- EXERCISE DESCRIPTION: Return the data word for word. Pictures are to be omitted.

- MATERIAL PROVIDED:

┏━━

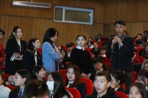 Сурагчид “Алсын хараа-2050” Монгол Улсын урт хугацааны хөгжлийн бодлогод байгаль орчин, ногоон хөгжил, аж үйлдвэржилт, боловсрол, эрүүл мэнд, хүний хөгжлийн асуудал хэрхэн туссан болон Ерөнхий сайдын нэрэмжит тэтгэлгийн талаар тодрууллаа. “Манай улс авлигатай тэмцэх нь чухал гэхдээ урт хугацаандаа цөлжилтөд санаа зовж байна”, “Соёл урлагийн салбар уналтад орж, мэргэжлийн уран бүтээлчид ажлаасаа гарч байна”, “Дэлхийн геополитик хурдацтай өөрчлөгдөж буй энэ цаг үед манай улс батлан хамгаалах, зэвсэгт хүчний хувьд ямар бодлого баримталж байгаа вэ”, “ЭЕШ-ын оноог ямар аргачлалаар тооцдог вэ”, “Өргөн хэрэглээний барааны үнийн өсөлт хүн бүрд хүндээр тусаж байна” зэрэг асуултдаа тэд Ерөнхий сайдаас хариулт авлаа.
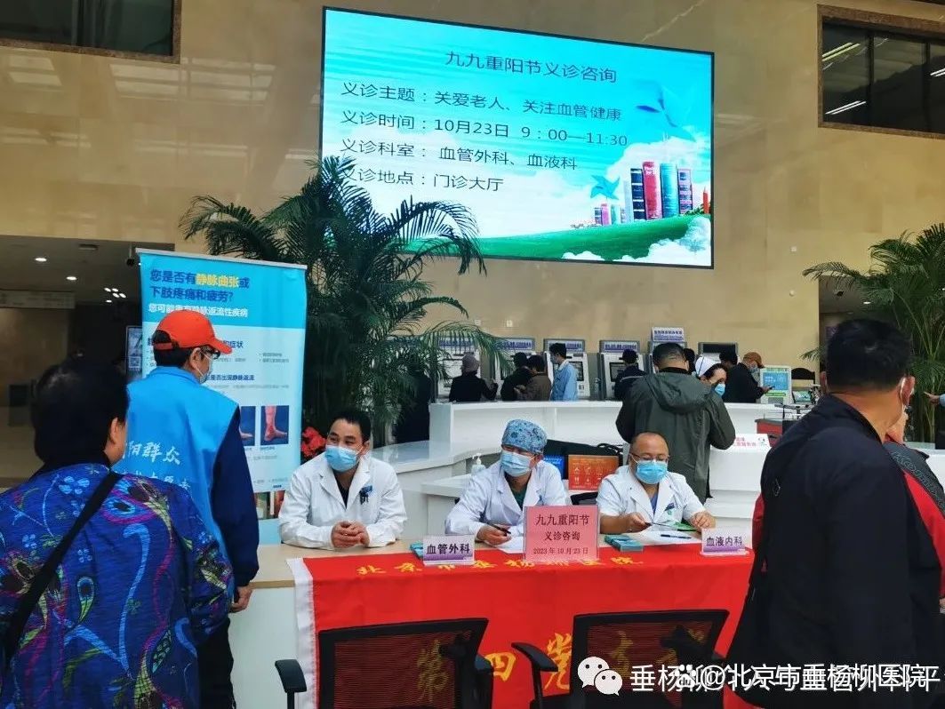 九九重阳日,浓浓敬老情。为欢庆重阳佳节,弘扬“敬老、爱老”的传统美德,进一步提高老年人健康生活品质,切实增强老年人的健康保健意识,10月23日上午,北京市垂杨柳医院血管外科、血液内科组成的志愿服务队,在医院门诊大厅开展“关爱老年人,义诊送健康”健康义诊筛查和健康宣教活动。活动现场有60余人进行问诊咨询,部分患有血管疾病、血液疾病的患者带来化验和检查结果,专家在为其现场问诊并解读报告,初步给出了病情分析结果。
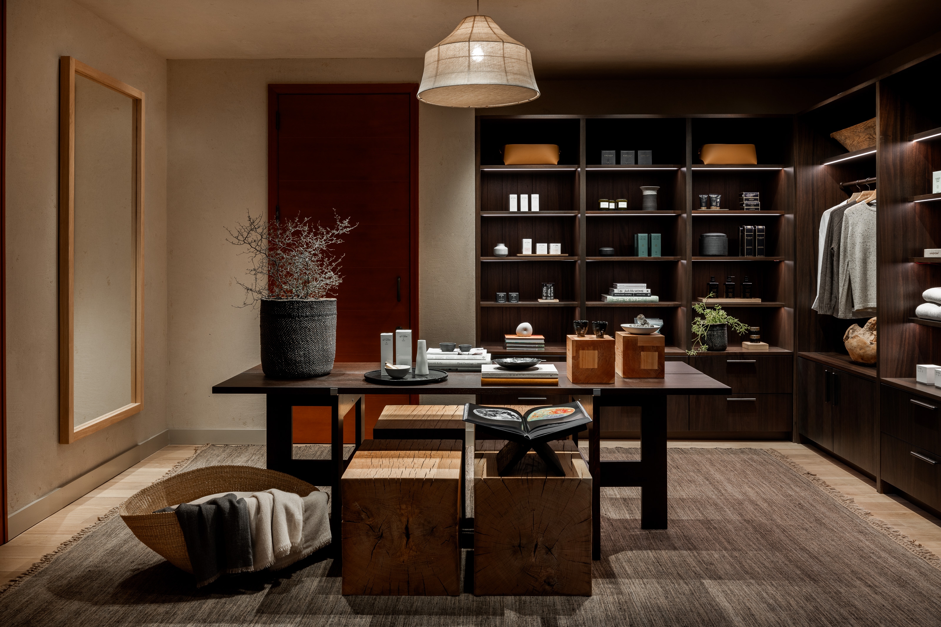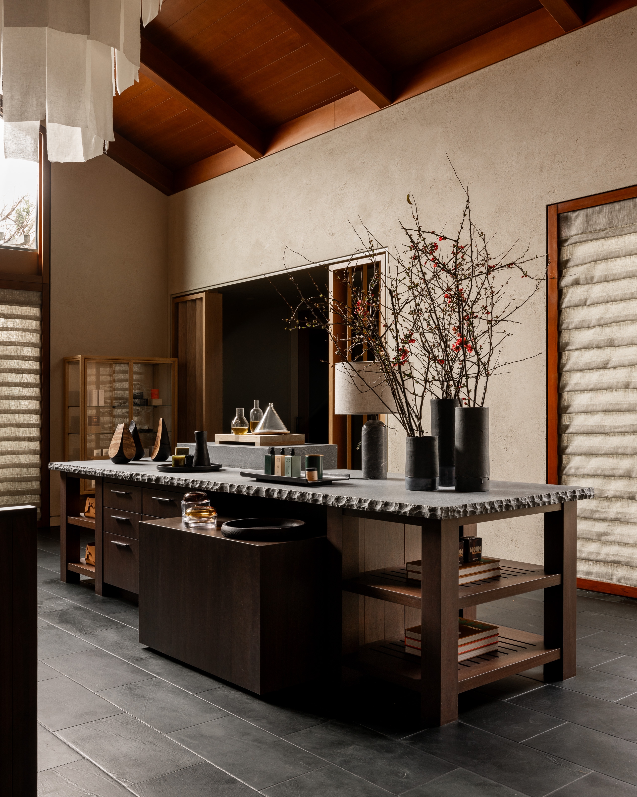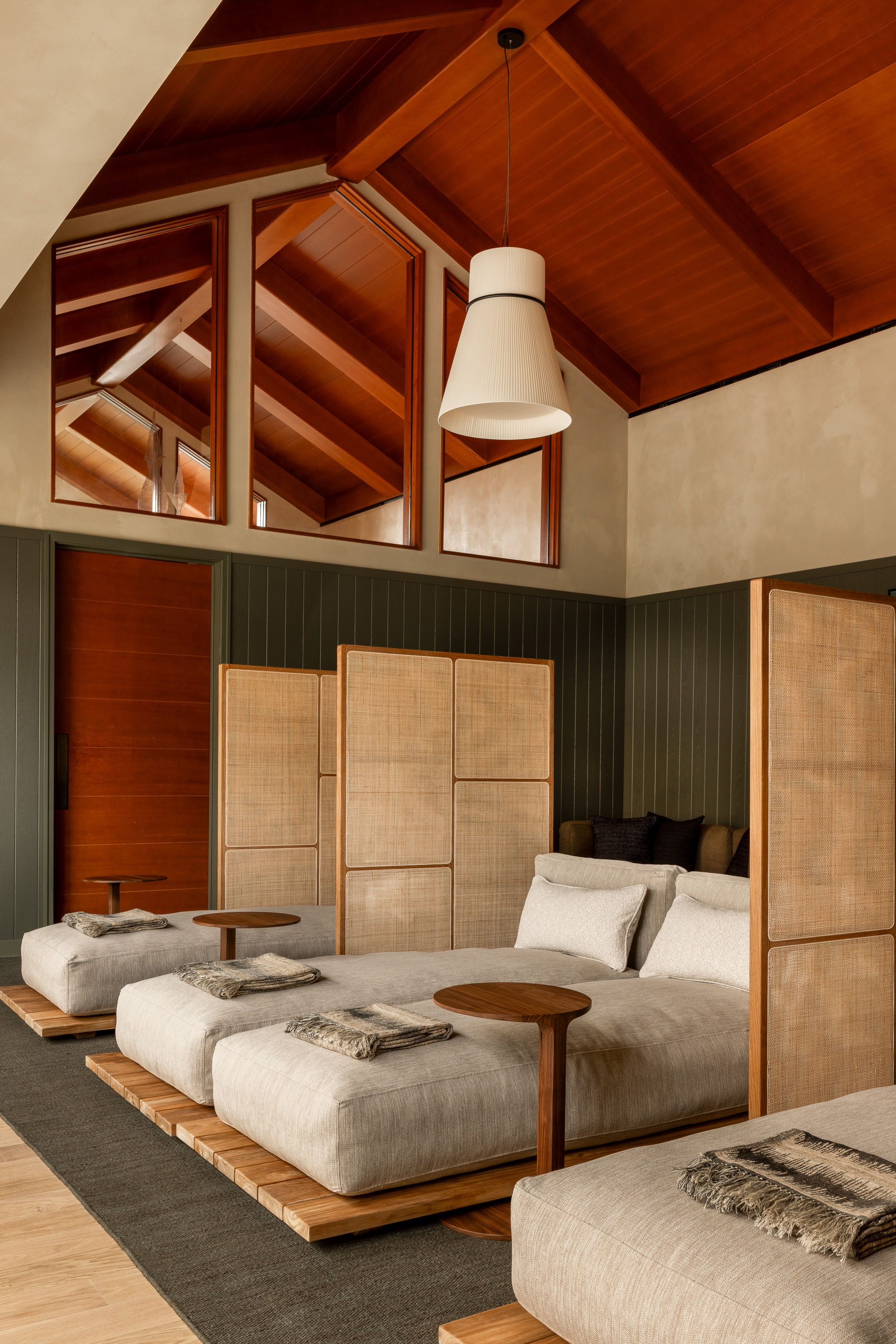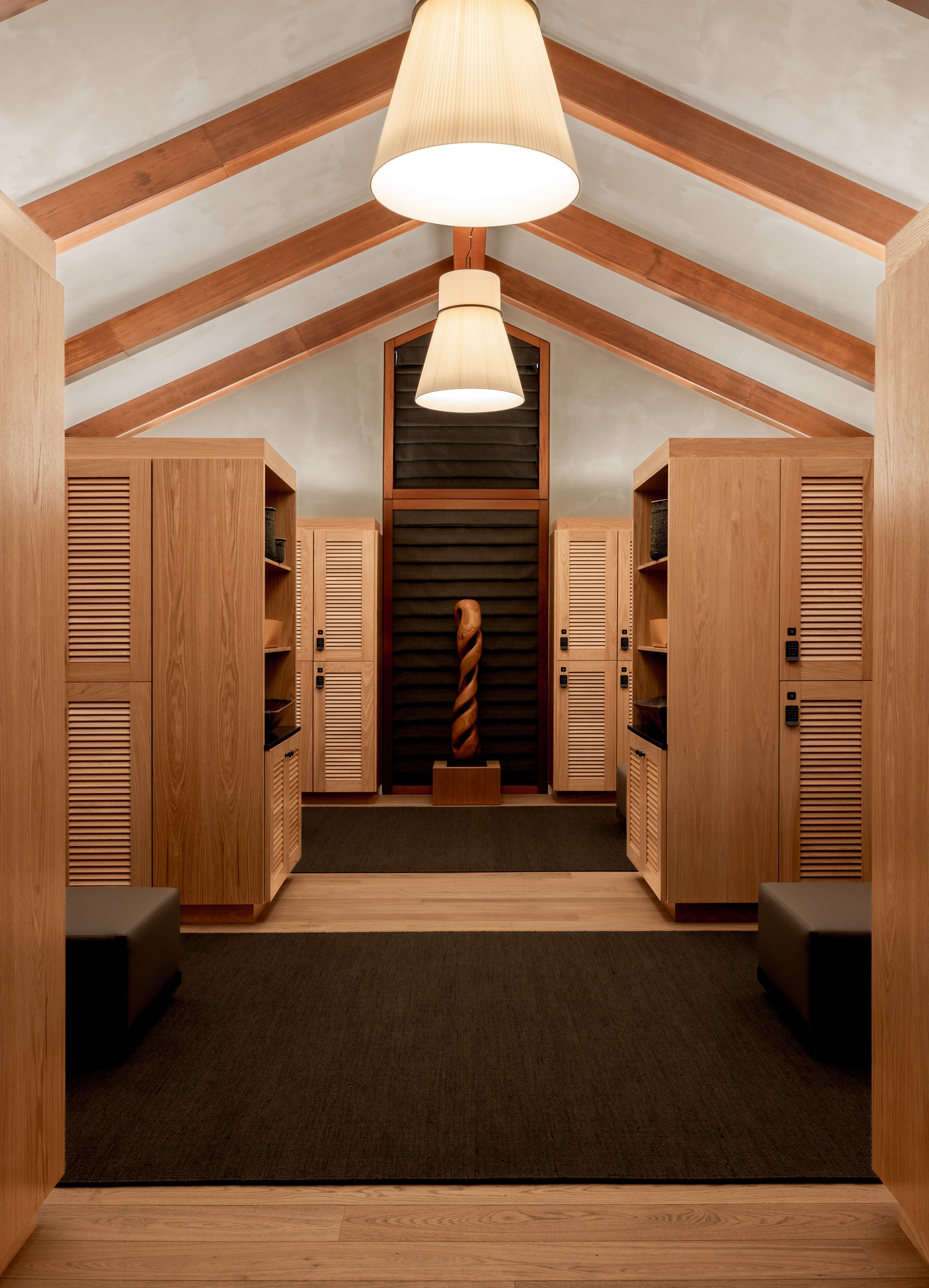 Rosewood Sand Hill’s Asaya Spa was reimagined as a serene wellness retreat nestled in the Santa Cruz Mountains. Inspired by the natural surroundings, the design incorporates rich wood, chiseled stone, woven rattan, and textured textiles to create a grounded, organic atmosphere. The refreshed reception features textured plaster, custom millwork, and a central linen pendant for warmth. Local artists were commissioned to create ceramic and sculptural works, including a terracotta tile installation inspired by atmospheric rivers and lumen prints from expired flora. The manicure/pedicure salon highlights slatted wood, shou sugi ban details, and handcrafted finishes. Locker rooms were transformed with dark basalt floors, limestone showers, a Finnish sauna, and steam room. Treatment areas feature lime wash plaster, oak floors, and concealed millwork for a calming, minimalist aesthetic. Outdoor spaces were enhanced with local flora, bold tile, and custom seating. The overall design prioritizes sustainability, artistry, and connection to place.

┗━━

- RESULT:
 Сурагчид “Алсын хараа-2050” Монгол Улсын урт хугацааны хөгжлийн бодлогод байгаль орчин, ногоон хөгжил, аж үйлдвэржилт, боловсрол, эрүүл мэнд, хүний хөгжлийн асуудал хэрхэн туссан болон Ерөнхий сайдын нэрэмжит тэтгэлгийн талаар тодрууллаа. “Манай улс авлигатай тэмцэх нь чухал гэхдээ урт хугацаандаа цөлжилтөд санаа зовж байна”, “Соёл урлагийн салбар уналтад орж, мэргэжлийн уран бүтээлчид ажлаасаа гарч байна”, “Дэлхийн геополитик хурдацтай өөрчлөгдөж буй энэ цаг үед манай улс батлан хамгаалах, зэвсэгт хүчний хувьд ямар бодлого баримталж байгаа вэ”, “ЭЕШ-ын оноог ямар аргачлалаар тооцдог вэ”, “Өргөн хэрэглээний барааны үнийн өсөлт хүн бүрд хүндээр тусаж байна” зэрэг асуултдаа тэд Ерөнхий сайдаас хариулт авлаа.
 九九重阳日,浓浓敬老情。为欢庆重阳佳节,弘扬“敬老、爱老”的传统美德,进一步提高老年人健康生活品质,切实增强老年人的健康保健意识,10月23日上午,北京市垂杨柳医院血管外科、血液内科组成的志愿服务队,在医院门诊大厅开展“关爱老年人,义诊送健康”健康义诊筛查和健康宣教活动。活动现场有60余人进行问诊咨询,部分患有血管疾病、血液疾病的患者带来化验和检查结果,专家在为其现场问诊并解读报告,初步给出了病情分析结果。
 Rosewood Sand Hill’s Asaya Spa was reimagined as a serene wellness retreat nestled in the Santa Cruz Mountains. Inspired by the natural surroundings, the design incorporates rich wood, chiseled stone, woven rattan, and textured textiles to create a grounded, organic atmosphere. The refreshed reception features textured plaster, custom millwork, and a central linen pendant for warmth. Local artists were commissioned to create ceramic and sculptural works, including a terracotta tile installation inspired by atmospheric rivers and lumen prints from expired flora. The manicure/pedicure salon highlights slatted wood, shou sugi ban details, and handcrafted finishes. Locker rooms were transformed with dark basalt floors, limestone showers, a Finnish sauna, and steam room. Treatment areas feature lime wash plaster, oak floors, and concealed millwork for a calming, minimalist aesthetic. Outdoor spaces were enhanced with local flora, bold tile, and custom seating. The overall design prioritizes sustainability, artistry, and connection to place.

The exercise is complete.